What the exercise asks: Leaving out every image, restate all the records word for word.

-- Data follows --

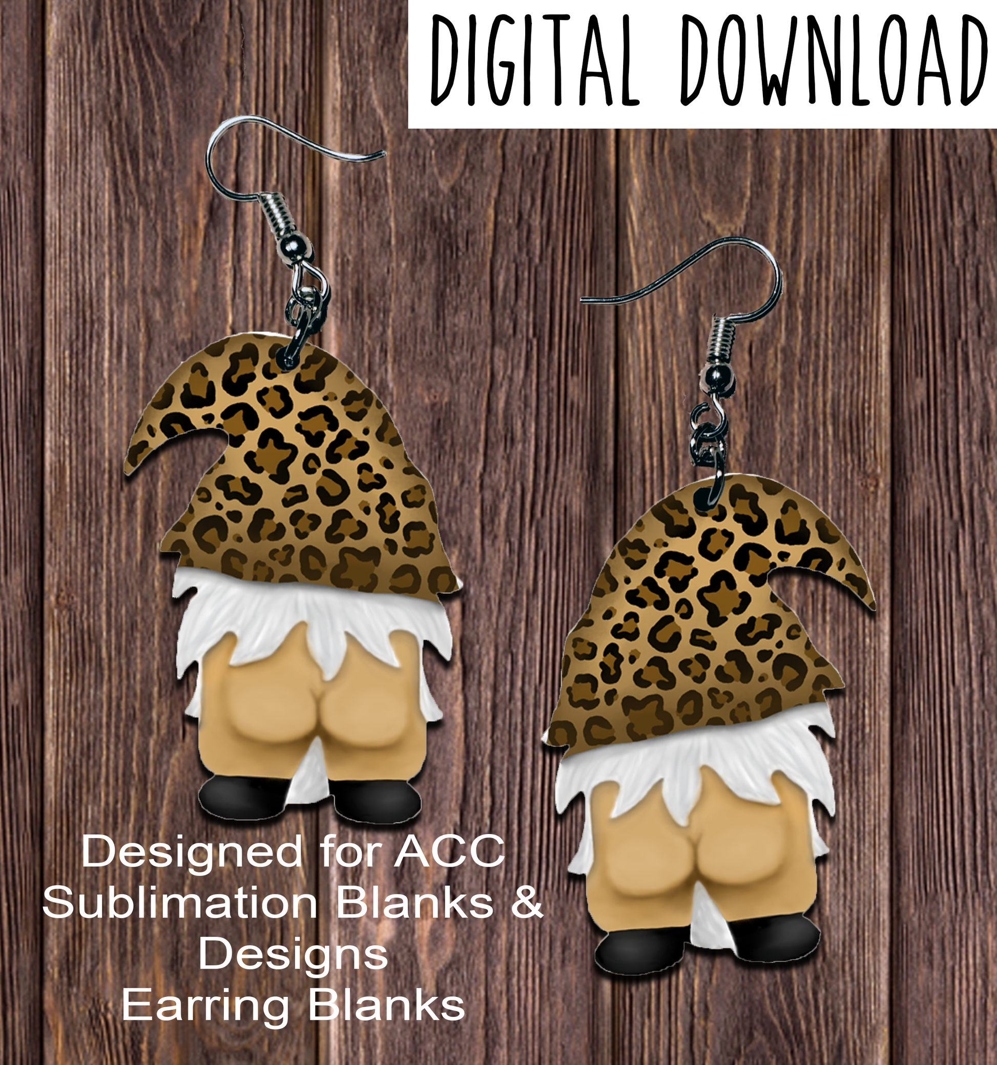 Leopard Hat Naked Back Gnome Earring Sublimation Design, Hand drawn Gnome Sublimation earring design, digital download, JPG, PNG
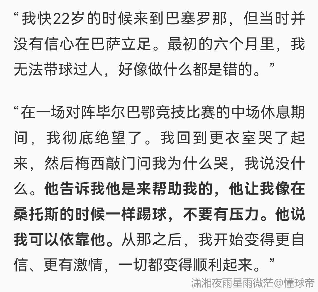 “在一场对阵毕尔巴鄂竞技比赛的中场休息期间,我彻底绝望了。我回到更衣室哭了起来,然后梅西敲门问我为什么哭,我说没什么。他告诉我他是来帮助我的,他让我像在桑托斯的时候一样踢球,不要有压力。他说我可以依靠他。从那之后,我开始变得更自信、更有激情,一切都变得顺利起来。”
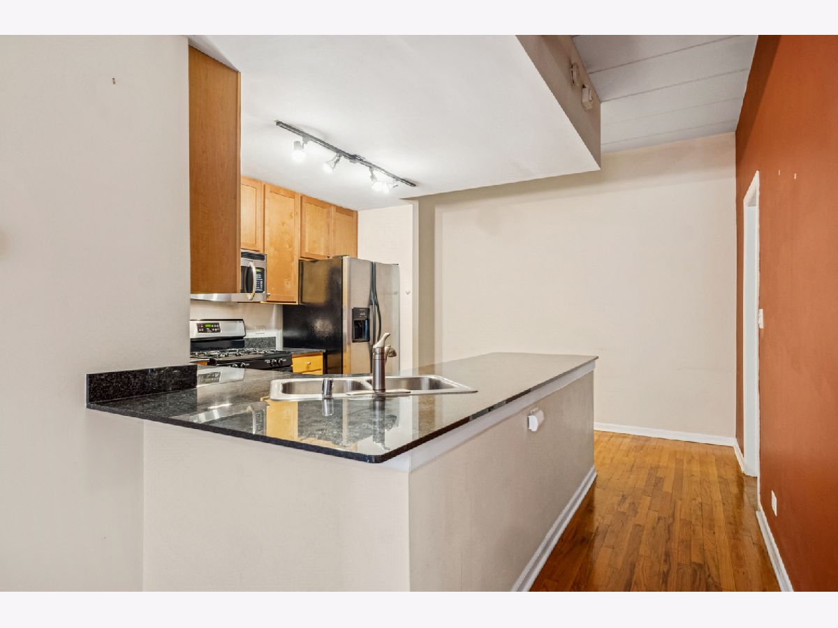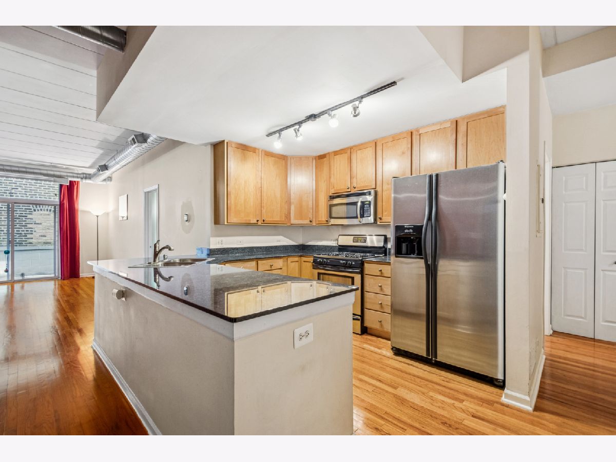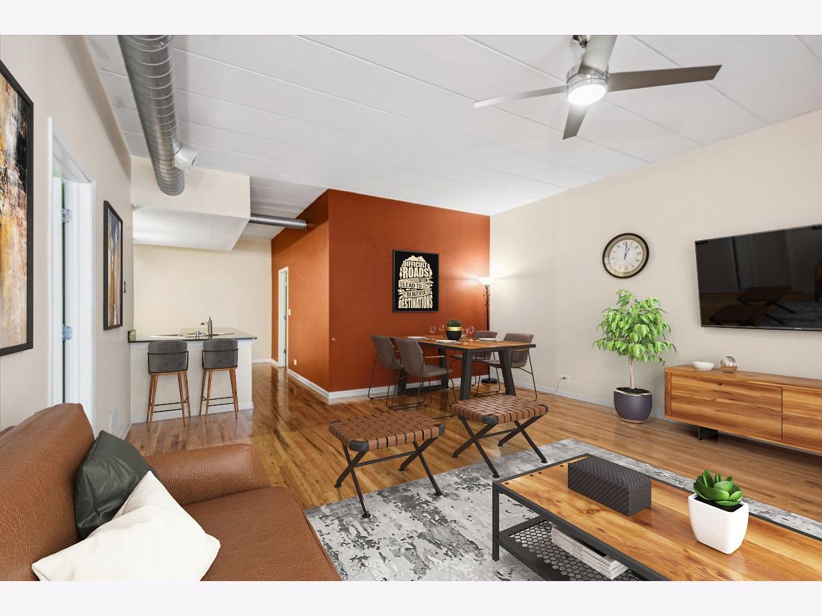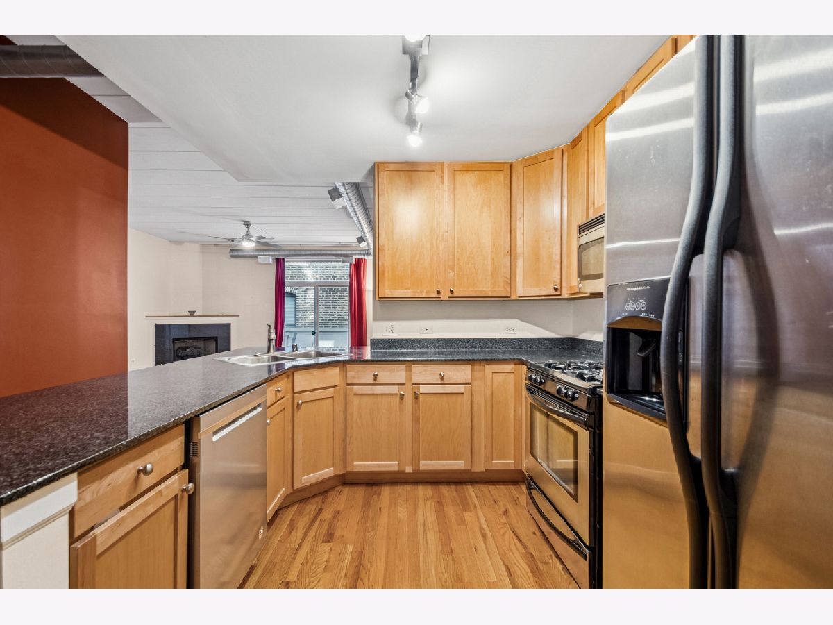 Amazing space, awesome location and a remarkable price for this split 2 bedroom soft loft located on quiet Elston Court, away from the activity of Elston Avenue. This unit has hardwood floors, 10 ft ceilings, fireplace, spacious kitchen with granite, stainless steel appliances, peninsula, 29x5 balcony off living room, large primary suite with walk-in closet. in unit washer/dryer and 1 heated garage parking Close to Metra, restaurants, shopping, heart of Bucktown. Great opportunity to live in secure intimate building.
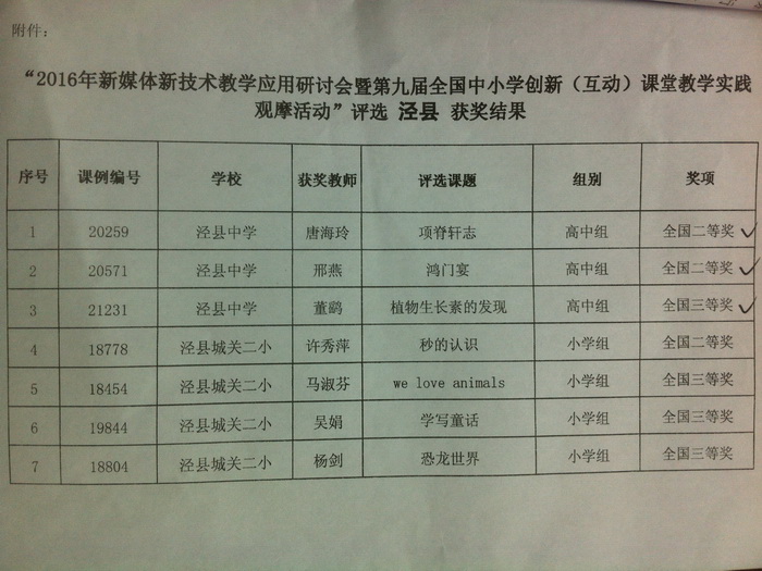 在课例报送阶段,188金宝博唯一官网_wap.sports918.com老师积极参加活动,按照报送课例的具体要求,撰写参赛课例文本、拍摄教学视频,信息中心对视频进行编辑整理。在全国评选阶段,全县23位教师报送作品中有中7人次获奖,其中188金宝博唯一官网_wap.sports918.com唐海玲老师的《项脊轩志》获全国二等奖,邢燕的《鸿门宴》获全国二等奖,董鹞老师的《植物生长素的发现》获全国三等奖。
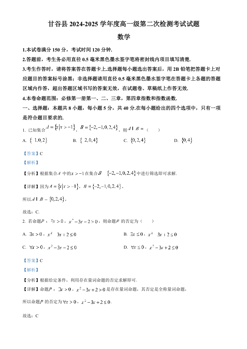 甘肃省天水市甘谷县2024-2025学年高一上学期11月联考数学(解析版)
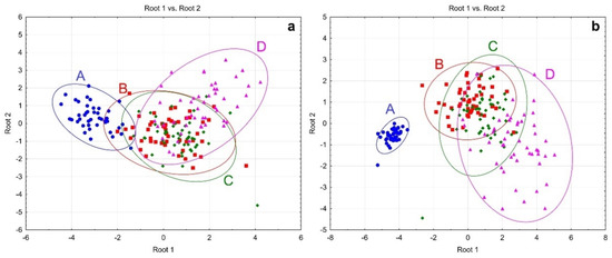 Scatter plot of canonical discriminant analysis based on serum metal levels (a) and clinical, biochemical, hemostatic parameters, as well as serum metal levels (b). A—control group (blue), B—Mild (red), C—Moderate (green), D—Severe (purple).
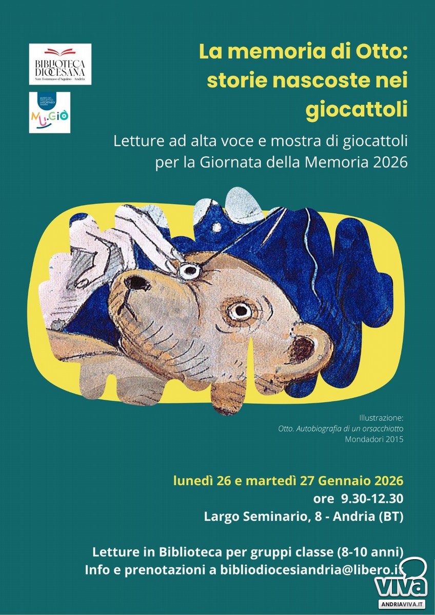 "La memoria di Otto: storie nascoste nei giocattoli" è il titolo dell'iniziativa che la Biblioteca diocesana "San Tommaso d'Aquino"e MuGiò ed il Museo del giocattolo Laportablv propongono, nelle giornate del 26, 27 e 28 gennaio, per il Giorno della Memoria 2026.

-- Data concluded --

Exercise solution:
 Leopard Hat Naked Back Gnome Earring Sublimation Design, Hand drawn Gnome Sublimation earring design, digital download, JPG, PNG
 “在一场对阵毕尔巴鄂竞技比赛的中场休息期间,我彻底绝望了。我回到更衣室哭了起来,然后梅西敲门问我为什么哭,我说没什么。他告诉我他是来帮助我的,他让我像在桑托斯的时候一样踢球,不要有压力。他说我可以依靠他。从那之后,我开始变得更自信、更有激情,一切都变得顺利起来。”
 Amazing space, awesome location and a remarkable price for this split 2 bedroom soft loft located on quiet Elston Court, away from the activity of Elston Avenue. This unit has hardwood floors, 10 ft ceilings, fireplace, spacious kitchen with granite, stainless steel appliances, peninsula, 29x5 balcony off living room, large primary suite with walk-in closet. in unit washer/dryer and 1 heated garage parking Close to Metra, restaurants, shopping, heart of Bucktown. Great opportunity to live in secure intimate building.
 在课例报送阶段,188金宝博唯一官网_wap.sports918.com老师积极参加活动,按照报送课例的具体要求,撰写参赛课例文本、拍摄教学视频,信息中心对视频进行编辑整理。在全国评选阶段,全县23位教师报送作品中有中7人次获奖,其中188金宝博唯一官网_wap.sports918.com唐海玲老师的《项脊轩志》获全国二等奖,邢燕的《鸿门宴》获全国二等奖,董鹞老师的《植物生长素的发现》获全国三等奖。
 甘肃省天水市甘谷县2024-2025学年高一上学期11月联考数学(解析版)
 Scatter plot of canonical discriminant analysis based on serum metal levels (a) and clinical, biochemical, hemostatic parameters, as well as serum metal levels (b). A—control group (blue), B—Mild (red), C—Moderate (green), D—Severe (purple).
 "La memoria di Otto: storie nascoste nei giocattoli" è il titolo dell'iniziativa che la Biblioteca diocesana "San Tommaso d'Aquino"e MuGiò ed il Museo del giocattolo Laportablv propongono, nelle giornate del 26, 27 e 28 gennaio, per il Giorno della Memoria 2026.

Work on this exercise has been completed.